Comment 7 Bill Crawford 2001-03-09 16:35:49 UTC
Could I suggest you try to fit the 3c509 driver on the boot floppy?  It is a
*very* common card in older machines, and most people (myself included) expect
it to work "out of the box" ... and it's easy to misread the 59x entry on the
menu that appears.  In particular, the EtherLink cards are ones that we tend to
hunt down and scavenge for use on older boxes.


Comment 8 Bill Crawford 2001-03-09 16:40:21 UTC
And, uh, no, I had to specify the ramdisk_size parameter too.  Otherwise it
didn't work.  I only realised this after watching it fail to load the /usr image
several times.  I've done this on two machines, one of which had a 3c905B in and
so worked immediately ... until it came time to fetch the images.  This was in
Wolverine, the Raw Hide version may be fixed now.


Comment 9 Matt Wilson 2001-03-09 16:51:03 UTC
I've forgotten, are those ISA cards?


Comment 10 Bill Crawford 2001-03-09 17:49:04 UTC
The one I have in my desktop box is a PCI (3c905B).
The one in the older box is an ISA card (3c509something, EtherLinkIII).
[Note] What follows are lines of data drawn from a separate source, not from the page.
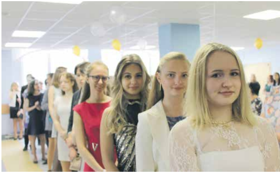
«Очередь» за золотыми медалями

ВЫПУСКНИКОВ КРАСНОСЕЛЬСКИХ ШКОЛ НАГРАДИЛИ ЗА ОСОБЫЕ УСПЕХИ В УЧЕБЕ.
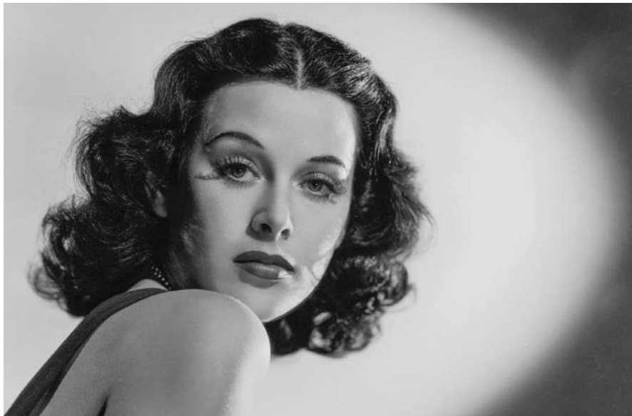
Stylish inventor: Hedy Lamarr

“It ain’t what you do, it’s the way that you do it. And that’s what gets results,” sang pop group Fun Boy Three. That is certainly the case with delegating.
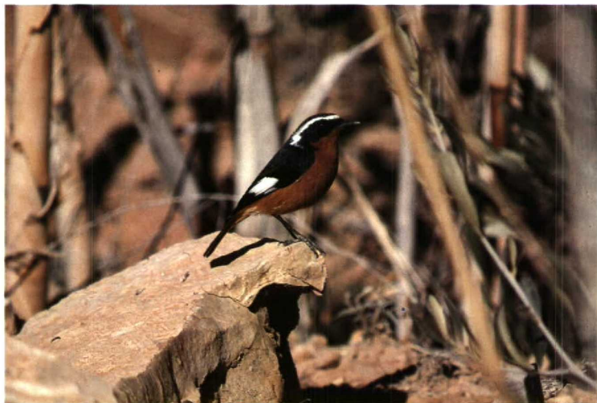
21 Moussier's Redstart Phoenicurus moussieri , Zepzate, Morocco, January 1990 (Arnold Meijer) 22 Desert Sparrow Passer simplex , Merzouga, Morocco, January 1990 (Arnold Meijer)
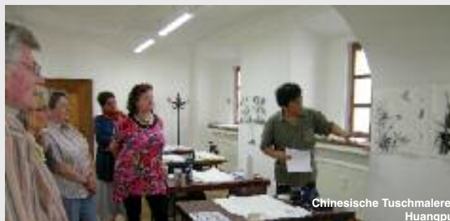
Chinesische Tuschmalerei Huangpu

Individuelle Betreuung wird bei uns groß geschrieben. Unsere Kursleiter/innen lassen Sie gerne an ihrem fundierten und praxisorientierten Wissen teilhaben. Beginnenden wie Fortgeschrittenen jeden Alters stehen unsere Dozent/innen kompetent und einfühlsam mit Rat und Tat zur Seite.
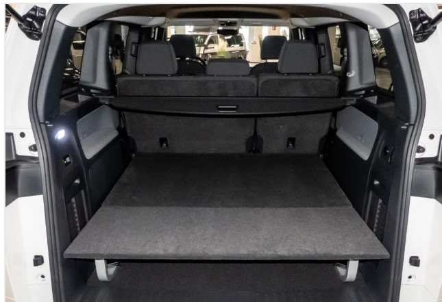
Volkswagen Zentrum Düsseldorf GOTTFRIED SCHULTZ

Point being that older boxes which still have ISA slots, and are being used by
technical folks, may well have these older cards in ... they're still fairly
common ... the driver is 11k, so it shouldn't be too hard to squeeze in?

Every box we have here over a year old has either one of these or a newer 3com
card in.


Comment 11 Bill Crawford 2001-03-19 18:16:43 UTC
Can you confirm whether the ramdisk_size issue has been resolved?  There is at
least one other known case of the problem, on the Wolverine mailing list, which
was fixed by booting with this parameter at the syslinux prompt.


Comment 12 Matt Wilson 2001-03-19 19:42:45 UTC
if you are using the wolverine bootnet.img, you should *not* need to pass in
ramdisk_size


Comment 13 Bill Crawford 2001-03-19 21:58:02 UTC
I definitely used bootnet.img from Wolverine, because I'd downloaded the CD
images, then had to copy all the files off the images into a tree to make a
network install work.
I *did* have to use the ramdisk_size parameter, and two people in the last two
days have "me-too"ed on Wolverine-list that it fixed an install failure for
them.
I only twigged because I looked at the messages on one of the VTs and saw
something about a write failure to the ramdisk.